In three days, it will be two years since I started this blog. In that time, it and I have been through many changes, but the adventure began with a dual review of Be Kind Rewind and the Lumieres' short films on July 16, 2008. No pictures, no sidebar, an all-white page. And of course, no comments - yet. For several weeks, all was silent - then the first commentators arrived on August 1. Why? I had participated in a "meme", answering the question "if you could program a dozen screenings, what would they be?" Since then, memes - both those I participated in, and those I initiated - have resulted in many of my most popular posts. For that reason, and for another, I am now kicking off a new exercise. In a moment I'll lay out the origin, the rules, and my own tags. First though, thanks to all those who made the past couple years eventful and interesting, and for providing encouragement through the twists and turns of my online enterprises. For those new to The Dancing Image, feel free to explore - visit the "Top Posts" tab to see the work I'm most proud of, "The Directory" to delve deeper, or "The Picture Gallery" to explore what it's all about - those fantastic images which dance across screen and consciousness alike.

Which brings us to that "other reason" for the meme, mentioned above. Several months ago, Stephen of the colorful blog Checking on My Sausages, initiated his own picture gallery. He invited readers to submit "a gallery of images ...to stand for so much of what makes Cinema such a rich and exciting medium." I promised to contribute, but in truth I was stymied. How to chose one image, or even several images, which could represent the thrill of cinema - so much of which has to do with movement, fluctuation, and context? Even some of the powerful moments I could think of - the cut to the static cityscape in Momma Roma, Michael's silent scream at the end of Godfather Part III (or closing the door on his wife in Part I) - relied upon juxtaposition or understanding of the story for their full effect. While appreciating the submissions Stephen received, I dragged my own feet and never fulfilled my promise.

Then, recently, it hit me. When does a single image matter most? When a film opens, when we eagerly await the revelation of its world, and then jump right in. The bulk of my post - nine pictures (including the one above) and my reflections on this theme - proceeds from this conclusion, but in truth, there was a more crucial epiphany here than just the importance of beginnings. I realized that having a theme, an inspiration to go hunting, was in itself enough to spur me on; the actual theme being secondary to the encouragement it provided. And that, finally, brings me to the meme. Here are the rules.

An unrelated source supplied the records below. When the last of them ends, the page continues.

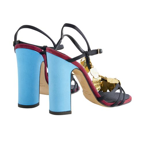 Styled in black silk accented with pink and blue across sole and heel, featuring gold tone metal charms, designed with block heel measuring 10cm, marked size 37.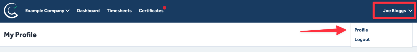 - Click on your name in the top right corner (in the header) of any Certifi page.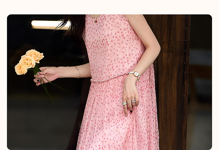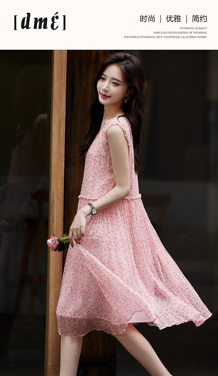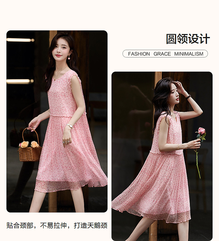 商品名称:【御姐教科书】夏呼吸感桑蚕丝真丝抽褶无袖A字连衣裙女 880449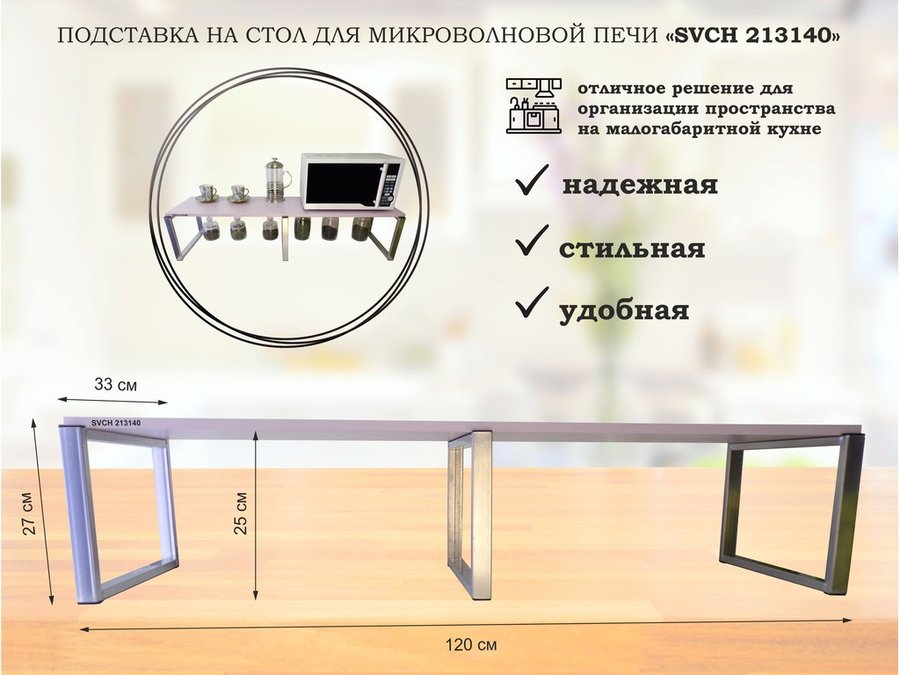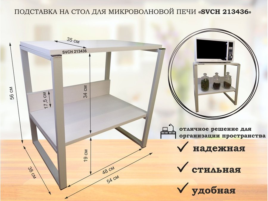 Подставка, полка на стол для микроволновой печи, высота 17см серебр "SVCH 213125" 30х40см, сосна выб

1. Pick as many pictures as you want - but make them screen-captures. The idea is that we're paying tribute to what's onscreen, so production stills - however enticing - just won't do. These have to be images from the movies themselves.

2. Pick a theme, any theme. If you want, you can follow my lead and chose "opening moments" but won't it be more interesting if everybody chooses something different? Character reveals, maybe, or moments of death, memorable reaction shots, even conventional establishing shots (Michael Atkinson wrote a great piece on their poetry a while back). Pick away...

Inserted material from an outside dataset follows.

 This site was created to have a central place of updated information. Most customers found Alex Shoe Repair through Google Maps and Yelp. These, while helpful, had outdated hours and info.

3. You MUST link to Stephen's gallery and my post too. Sorry for the red, but it's an important rule, no? Stephen has also invited submissions to include a caption. I've decided to let the images speak for themselves, but you are welcome to follow his lead and enter a short, terse summary of why you picked what you did.

4. Tag five blogs. I'd like to tag some bloggers who are especially fond of (and talented at using) screen-caps. However, anyone reading this can consider themselves tagged too - get to work! My own tags: Jeremy Richey at Moon in the Gutter, shanh at sixmartinis and the seventh art, Glenn Kenny at Some Came Running, Allan Fish at Wonders in the Dark, and Ed Howard at Only the Cinema (he already contributed one image to Stephen's gallery, but let's see if he can do the themed thing).

The rest is up to you.

And now for my own choices...

The above is a perfect summary of what I'm after here. Who are those two figures - whose faces we can't see? They certainly look tired, bedraggled, pathetic. Indeed, we seem to be coming in after an event, or in the midst of one, rather than before - "in media res," as screenwriters like to say. Yet the written word can do little to suggest the power of the picture itself. The moment comes from Akira Kurosawa's The Hidden Fortress, in which he cuts directly from the final title of the credits sequence to this very image. All of the other pictures I've chosen do the same. I was very strict with myself, and would not include images preceded by even a one- or two-frame fade-up. Only sharp, quick cuts, right into the visual thick of things, would do. So there isn't any "No Trespassing" sign, nor any old Italian man draped in shadow, nor - perhaps most disappointing of all - any suckling donkey at peace in the brief moments before a human hand will reach across the screen, gently but forebodingly separating him from his mother. Perhaps someone else will take up this challenge; if so, I applaud them. For myself, I decided to stick with "cold opens" - not true in the strictest sense, since in most cases these images follow credit sequences; true, however, inasmuch as they hit us with the force of a cold-water awakening. After words - the image, indefinable, uncontainable.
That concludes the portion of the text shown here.